__WHAT TO WORK ON__
Please copy, exactly as written, the span from the first line below to the line that contains "Tenderi është dhënë", including both, and skip the pictures.

__Stored items from a collection__
------
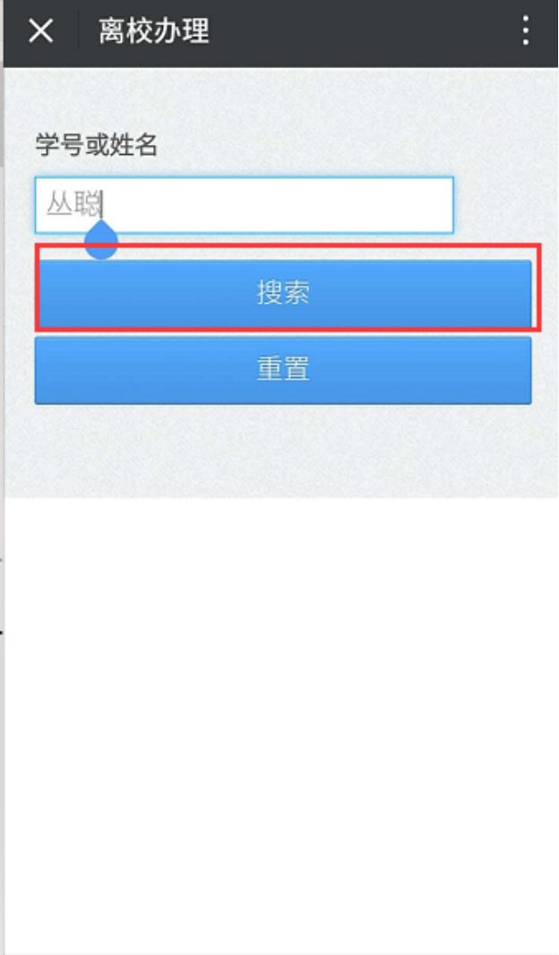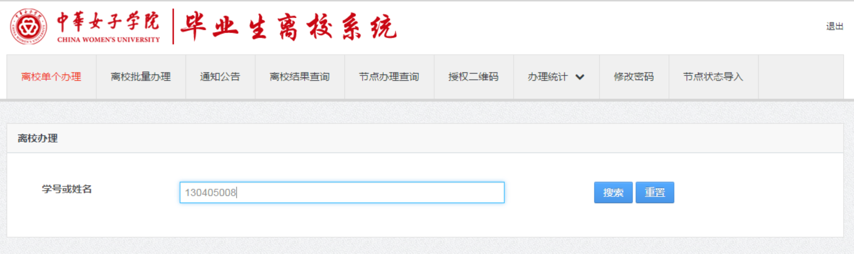 在离校单个办理页面输入办理学生的学号或姓名进行回车或者点击搜索按钮。
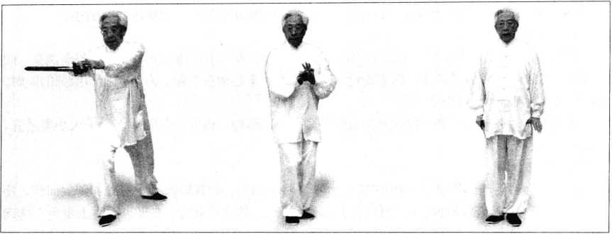 为中阴中阳(立剑),剑高与臂平,眼看剑尖。(图2—74、图2-75) 【要点】抽胯后坐,保持上体正直,否则上体易后仰。
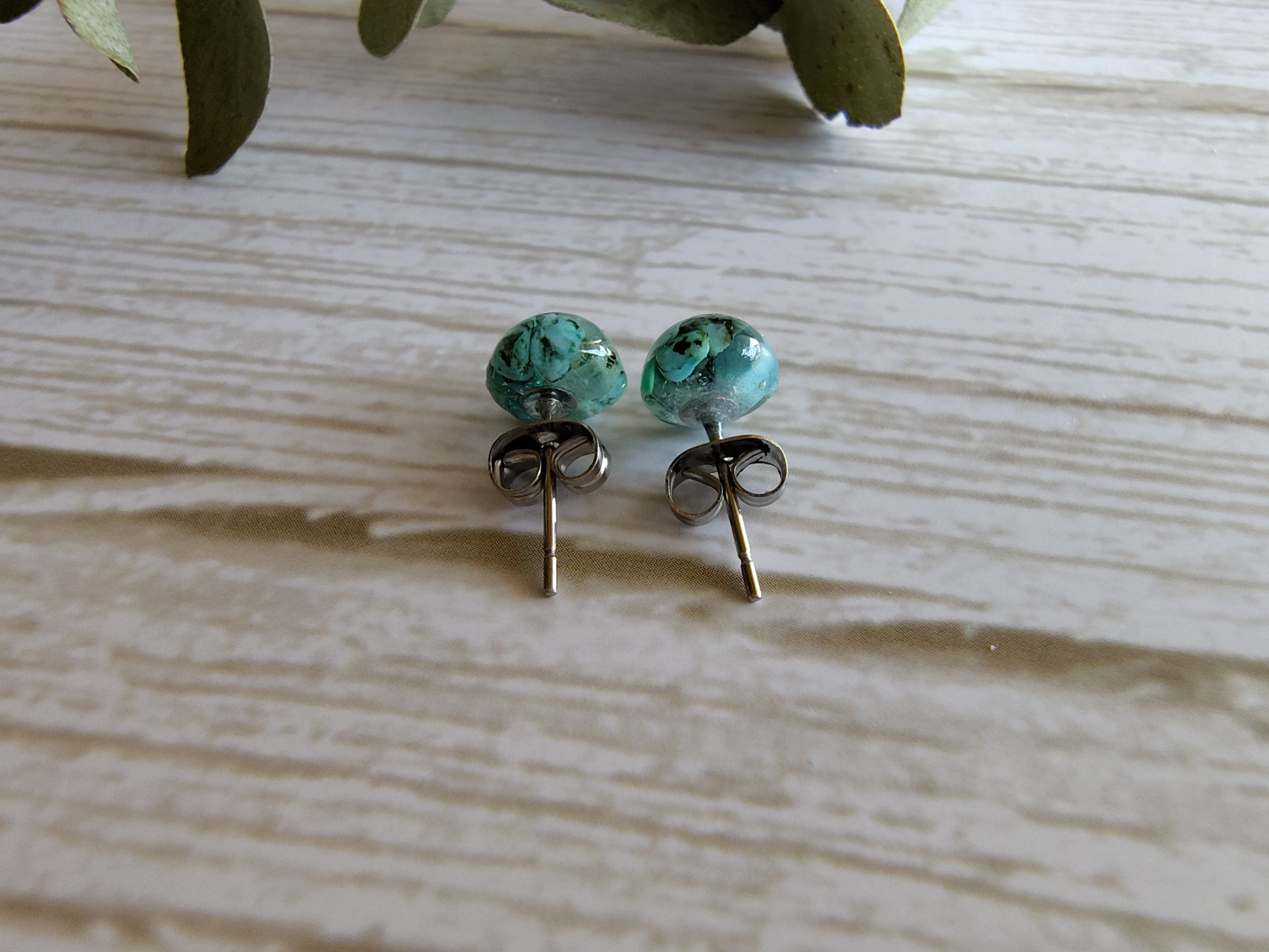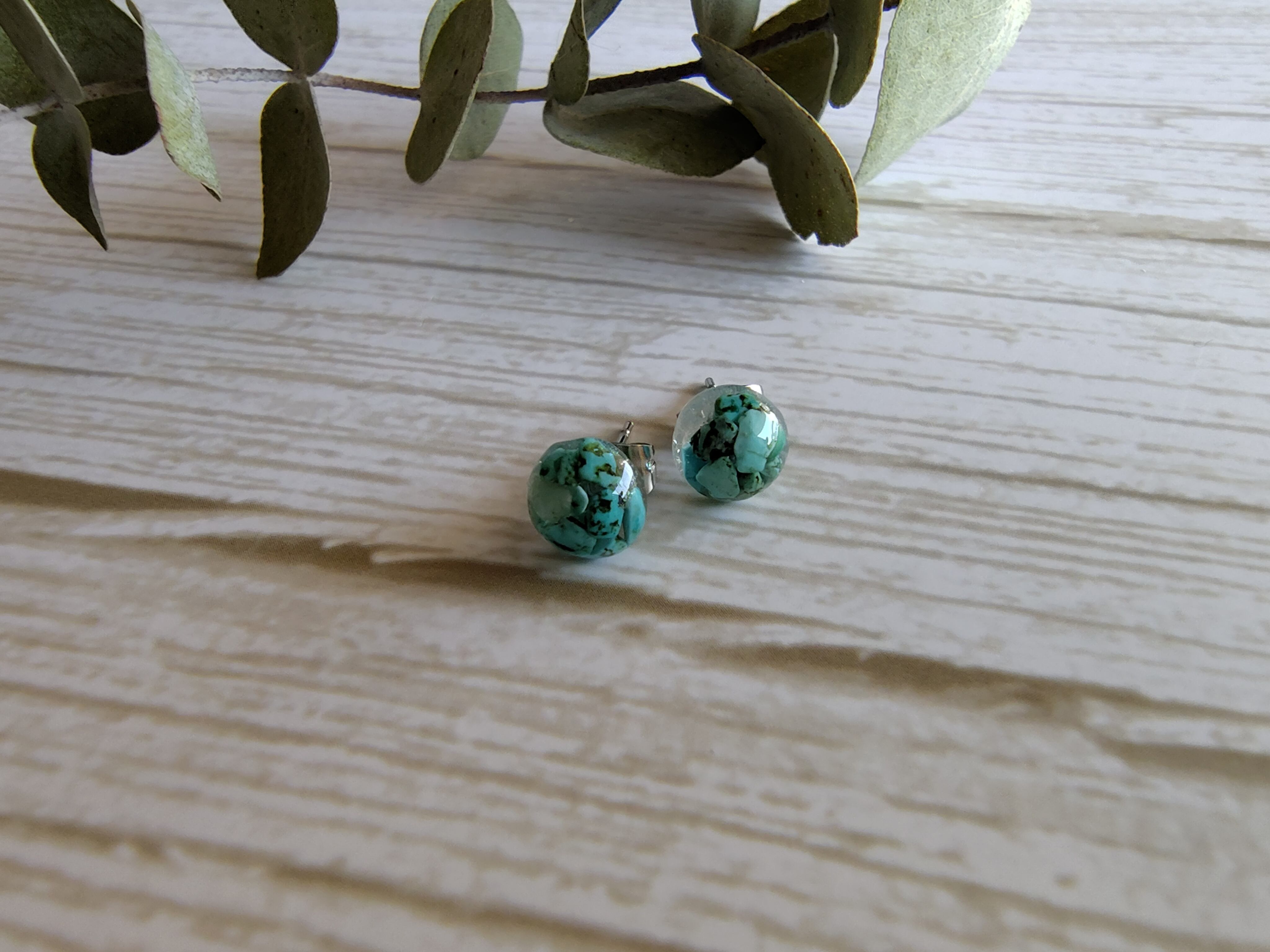 ミニ天然石ピアス~土耳古石(ターコイズ)サージカルステンレスピアス ノンホールピアス 大人
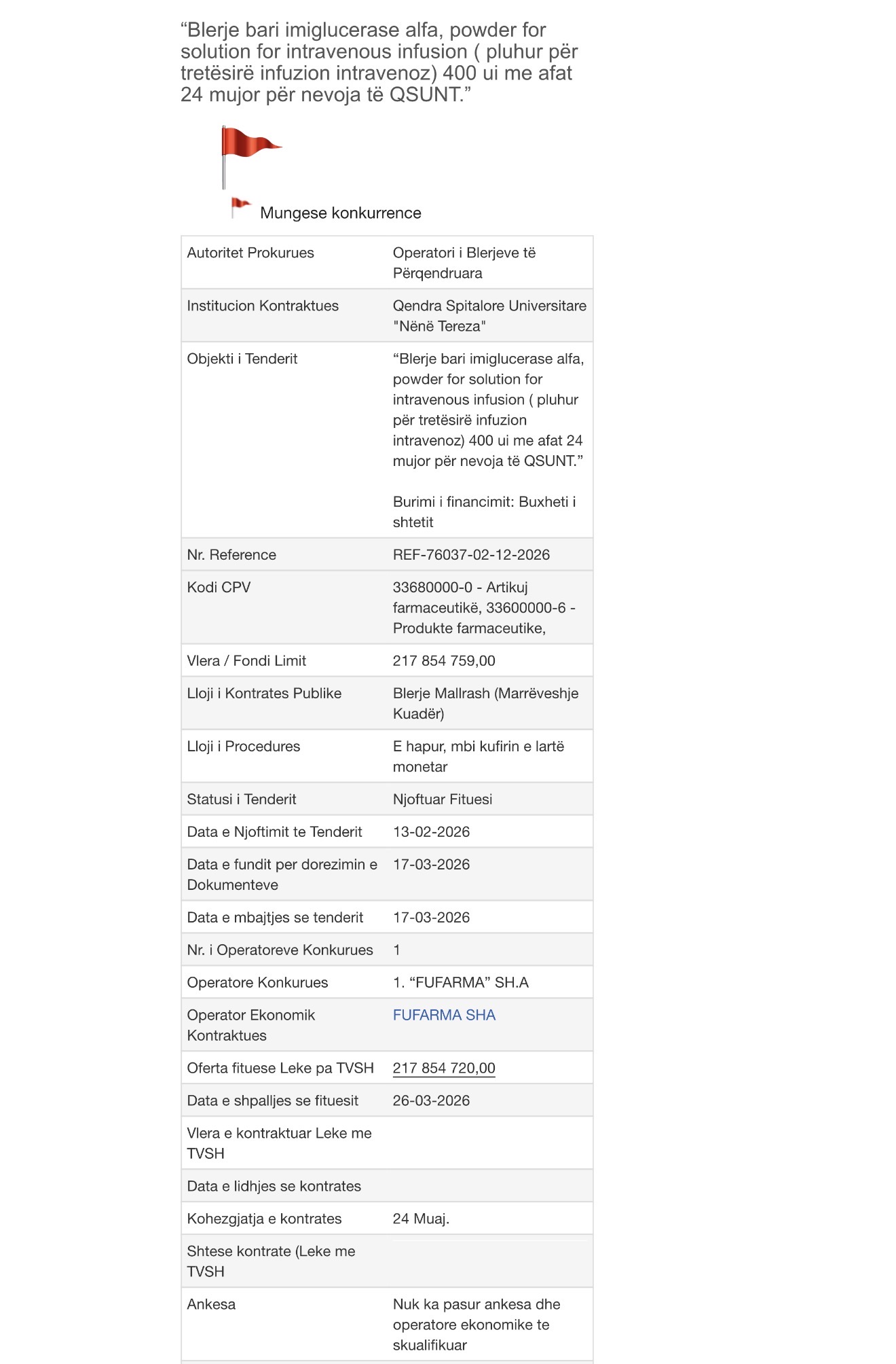 Tenderi është dhënë me 100% të Fondit Limit oligarkut Isuf Berberi me Marrëveshje Kuadër me shkelje për Mungesë Konkurrence, duke kursyer vetëm 30 lekë të reja nga Buxheti i Shtetit.
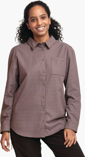 "The Style Boyoma Women blouse from Schu00f6ffel is the ideal companion for anyone who values comfort and sustainability. This hiking blouse is made from 100% organic cotton and impresses with its soft flannel material, which ensures a pleasant feeling of warmth. The relaxed fit offers optimum freedom of movement, while the offset shoulder seam prevents unpleasant chafing, especially on long hikes or active outdoor adventures."
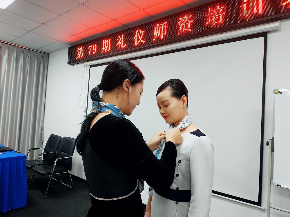劉老師為大家講解了服裝色彩搭配等方面的理論知識,并教授學(xué)員如何根據(jù)自己的膚色來選擇適合自己的服裝、如何根據(jù)體形進(jìn)行搭配服裝、如何靈活運(yùn)用絲巾搭配來打造職業(yè)禮儀培訓(xùn)師的專業(yè)形象。
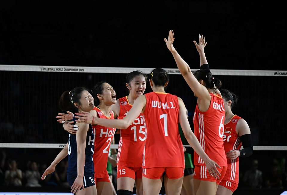 8月23日,中国队球员庆祝胜利。新华社记者 侯昭康 摄
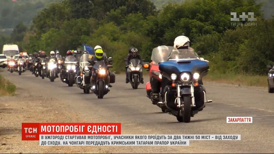 В Ужгороді стартував "Мотопробіг єдності". Байкери планують за два тижні проїхати всю Україну - із Заходу на Схід і з Півночі на Південь. Відвідати понад 50 українських міст і на Чонгарі передати прапор України кримським татарам. Кореспондент ТСН також здолав частину шляху на мотоциклі. Крім загальної мети єднання, він здійснює свою мандрівку заради нашого хворого колеги Олега Тудана.
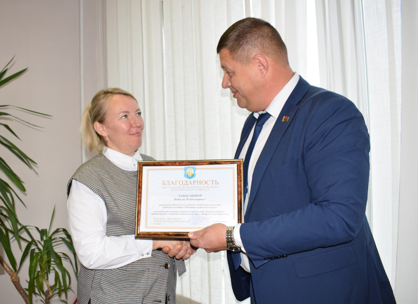Важнасць прафсаюзнага руху ў краіне, у тым ліку і ў нашым раёне, адзначыў старшыня райвыканкама Сяргей Галынчык і ўручыў Наталлі Уладзіміраўне Падзяку старшыні райвыканкама за плённую работу.
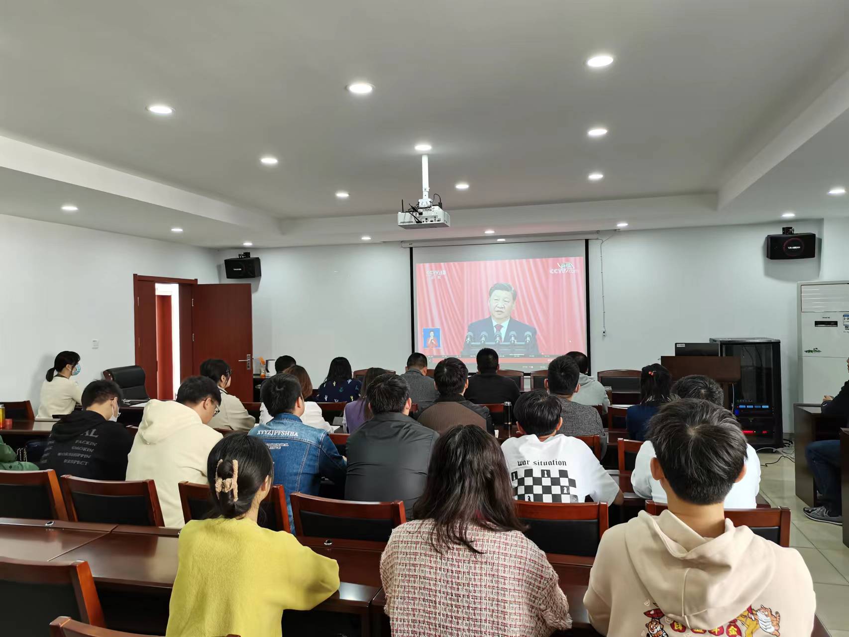 10月16日上午,中国共产党第二十次全国代表大会在北京隆重开幕。在天工楼302A会议室,365英国在线体育领导班子、党员干部和师生代表共同观看大会开幕直播,认真聆听习近平总书记作报告。
------
__YOUR SOLUTION__
 在离校单个办理页面输入办理学生的学号或姓名进行回车或者点击搜索按钮。
 为中阴中阳(立剑),剑高与臂平,眼看剑尖。(图2—74、图2-75) 【要点】抽胯后坐,保持上体正直,否则上体易后仰。
 ミニ天然石ピアス~土耳古石(ターコイズ)サージカルステンレスピアス ノンホールピアス 大人
 Tenderi është dhënë me 100% të Fondit Limit oligarkut Isuf Berberi me Marrëveshje Kuadër me shkelje për Mungesë Konkurrence, duke kursyer vetëm 30 lekë të reja nga Buxheti i Shtetit.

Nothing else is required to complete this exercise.